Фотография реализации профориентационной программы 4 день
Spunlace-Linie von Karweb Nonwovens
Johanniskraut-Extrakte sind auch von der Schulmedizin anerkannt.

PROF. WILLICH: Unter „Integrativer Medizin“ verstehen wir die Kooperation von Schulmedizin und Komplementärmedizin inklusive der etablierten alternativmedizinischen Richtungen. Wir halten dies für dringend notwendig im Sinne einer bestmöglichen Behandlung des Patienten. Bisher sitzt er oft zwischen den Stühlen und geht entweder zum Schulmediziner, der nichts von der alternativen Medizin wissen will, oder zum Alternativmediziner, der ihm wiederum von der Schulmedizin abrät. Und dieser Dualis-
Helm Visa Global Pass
* * *
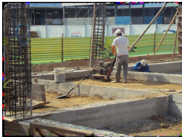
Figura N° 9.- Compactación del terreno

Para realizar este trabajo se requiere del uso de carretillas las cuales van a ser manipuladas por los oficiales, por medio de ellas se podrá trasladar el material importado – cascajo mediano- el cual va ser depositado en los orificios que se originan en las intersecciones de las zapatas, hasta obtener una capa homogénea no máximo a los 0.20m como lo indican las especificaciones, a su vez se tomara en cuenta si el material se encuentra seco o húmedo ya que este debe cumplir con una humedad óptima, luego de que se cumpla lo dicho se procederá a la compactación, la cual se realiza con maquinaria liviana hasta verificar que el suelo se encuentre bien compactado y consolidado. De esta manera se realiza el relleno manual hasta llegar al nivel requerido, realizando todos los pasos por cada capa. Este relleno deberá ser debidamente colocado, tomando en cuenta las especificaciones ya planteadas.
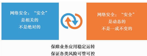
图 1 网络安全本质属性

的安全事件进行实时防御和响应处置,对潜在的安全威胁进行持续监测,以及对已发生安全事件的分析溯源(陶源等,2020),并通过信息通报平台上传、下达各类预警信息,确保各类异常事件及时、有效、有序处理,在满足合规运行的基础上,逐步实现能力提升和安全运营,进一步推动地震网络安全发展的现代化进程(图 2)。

■ **Task prompt**: Among the lines above, please find those with "Schulmedizin" and copy them.

■ **Output of the exercise**:
Johanniskraut-Extrakte sind auch von der Schulmedizin anerkannt.
PROF. WILLICH: Unter „Integrativer Medizin“ verstehen wir die Kooperation von Schulmedizin und Komplementärmedizin inklusive der etablierten alternativmedizinischen Richtungen. Wir halten dies für dringend notwendig im Sinne einer bestmöglichen Behandlung des Patienten. Bisher sitzt er oft zwischen den Stühlen und geht entweder zum Schulmediziner, der nichts von der alternativen Medizin wissen will, oder zum Alternativmediziner, der ihm wiederum von der Schulmedizin abrät. Und dieser Dualis-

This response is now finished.